> _PROVIDED ENTRIES_
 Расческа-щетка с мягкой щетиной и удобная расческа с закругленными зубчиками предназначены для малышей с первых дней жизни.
...
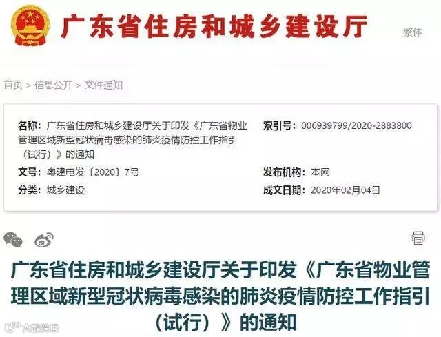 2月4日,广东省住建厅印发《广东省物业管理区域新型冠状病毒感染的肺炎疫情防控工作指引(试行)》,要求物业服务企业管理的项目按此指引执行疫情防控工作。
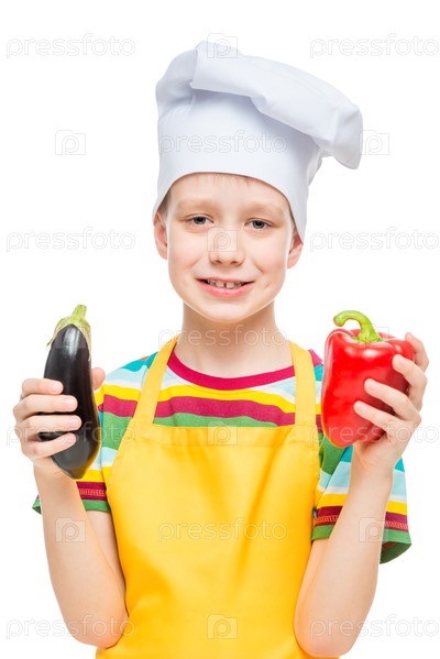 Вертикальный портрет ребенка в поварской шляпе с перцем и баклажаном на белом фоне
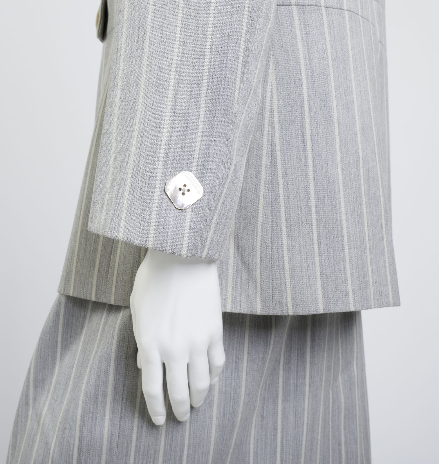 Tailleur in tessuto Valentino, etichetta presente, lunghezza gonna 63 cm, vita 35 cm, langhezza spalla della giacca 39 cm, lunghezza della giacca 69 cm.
---
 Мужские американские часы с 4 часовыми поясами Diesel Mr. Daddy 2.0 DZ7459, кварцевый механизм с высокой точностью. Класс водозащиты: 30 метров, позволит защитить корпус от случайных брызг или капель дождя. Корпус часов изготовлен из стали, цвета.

> _WHAT THIS TASK INVOLVES_
Word for word, repeat the lines above from the one with "Вертикальный портрет ребенка" through the one with "Tailleur in tessuto", and nothing beyond them. Omit the pictures.

> _RESULT FOR THIS TASK_
 Вертикальный портрет ребенка в поварской шляпе с перцем и баклажаном на белом фоне
 Tailleur in tessuto Valentino, etichetta presente, lunghezza gonna 63 cm, vita 35 cm, langhezza spalla della giacca 39 cm, lunghezza della giacca 69 cm.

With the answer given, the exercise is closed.